Items from a data source
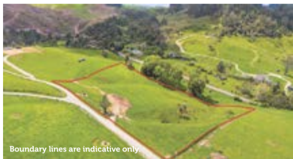
Boundary lines are indicative only.
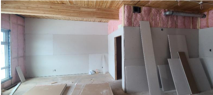
Drywall being installed over the insulation and electrical / plumbing rough ins.
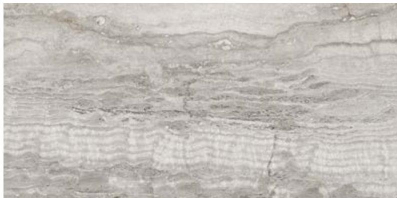
CT4392 16" x 32" Domus Grigio Rect Matt 82
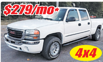
$279/mo* '07 GMC Sierra SLE #P1591, Crew Cab, Sweet 4x4
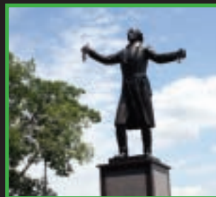
10. Hidalgo Park Don Miguel Hidalgo y Costilla Miguel Miramontes - 1991
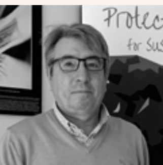
Antonio Troya, Director, IUCN Centre for Mediterranean Cooperation

“The northern Mediterranean countries have a common framework for conservation politics led by the European Union which is promoting NbS and green infrastructures policies at research and project levels. However, it is necessary to create a common space for discussion to bring the southern countries into this dynamic. This will allow more sites to participate and improve their capacity to implement projects at a landscape scale in the region. The joint efforts of several regional organizations working within the framework of the Barcelona Convention help to promote this approach.”
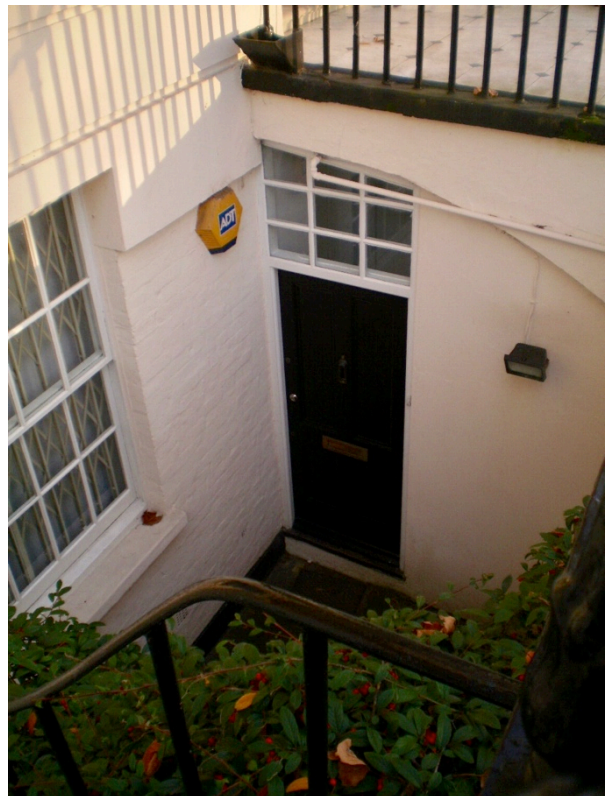
No. 16 Basement Area, Non-original door infill under bridge - No Significance.
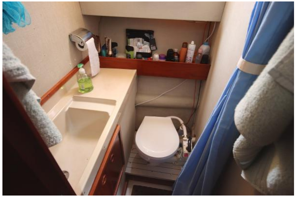
Fjord Sedan 32 heads
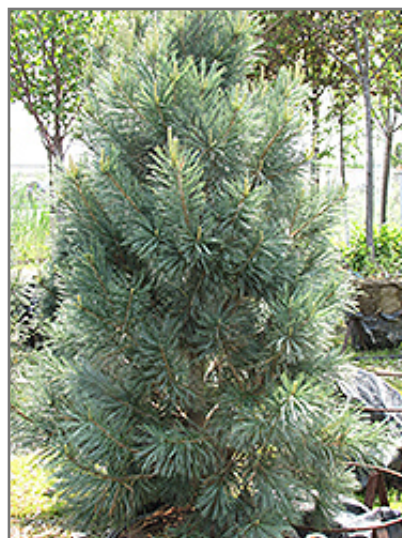
Vanderwolf's Pyramid Pine

* Task to carry out *
Pictures aside, return exactly the lines from the data above, starting at the line that has "Cab, Sweet 4x4" and ending at the line that has "Antonio Troya, Director, IUCN", both included.

* Solution to the problem *
$279/mo* '07 GMC Sierra SLE #P1591, Crew Cab, Sweet 4x4
10. Hidalgo Park Don Miguel Hidalgo y Costilla Miguel Miramontes - 1991
Antonio Troya, Director, IUCN Centre for Mediterranean Cooperation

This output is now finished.